##### Given data

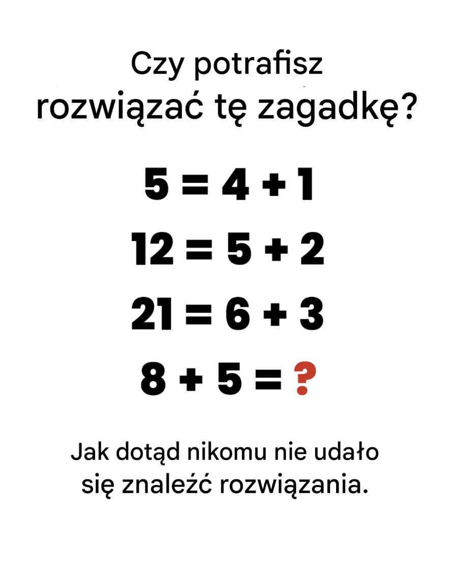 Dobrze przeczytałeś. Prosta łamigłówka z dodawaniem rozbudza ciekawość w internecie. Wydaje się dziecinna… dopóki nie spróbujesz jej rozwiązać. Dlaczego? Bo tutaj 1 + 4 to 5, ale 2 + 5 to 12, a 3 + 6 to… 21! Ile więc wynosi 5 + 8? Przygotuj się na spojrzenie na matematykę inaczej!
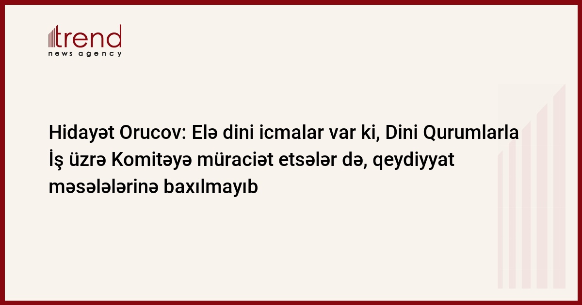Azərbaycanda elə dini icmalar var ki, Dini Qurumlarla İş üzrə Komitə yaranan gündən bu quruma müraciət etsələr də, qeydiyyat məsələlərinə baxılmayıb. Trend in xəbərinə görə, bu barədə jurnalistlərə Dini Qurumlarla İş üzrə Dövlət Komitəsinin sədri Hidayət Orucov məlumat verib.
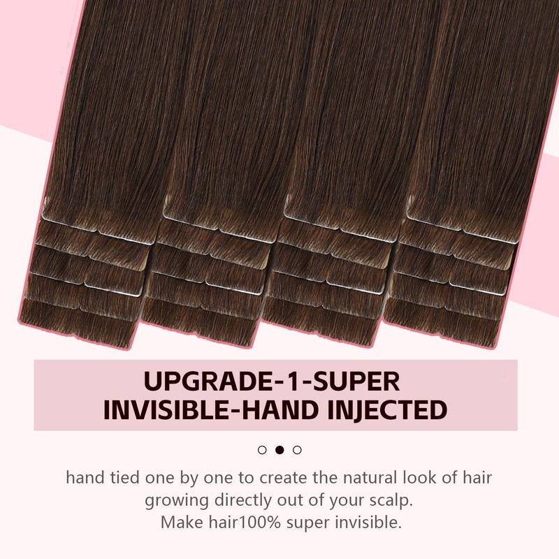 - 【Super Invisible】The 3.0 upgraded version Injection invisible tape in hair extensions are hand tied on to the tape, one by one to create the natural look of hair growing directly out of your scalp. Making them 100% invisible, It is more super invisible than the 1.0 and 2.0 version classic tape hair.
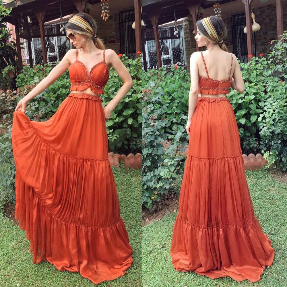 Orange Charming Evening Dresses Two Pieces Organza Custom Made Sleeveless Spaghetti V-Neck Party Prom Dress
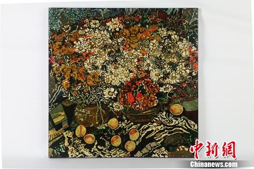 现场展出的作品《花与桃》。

##########

§ Exercise directions:
What you return must match, line for line, the records from the line containing "- 【Super Invisible】The" through their end, with both ends included and no pictures.

§ Response below:
 - 【Super Invisible】The 3.0 upgraded version Injection invisible tape in hair extensions are hand tied on to the tape, one by one to create the natural look of hair growing directly out of your scalp. Making them 100% invisible, It is more super invisible than the 1.0 and 2.0 version classic tape hair.
 Orange Charming Evening Dresses Two Pieces Organza Custom Made Sleeveless Spaghetti V-Neck Party Prom Dress
 现场展出的作品《花与桃》。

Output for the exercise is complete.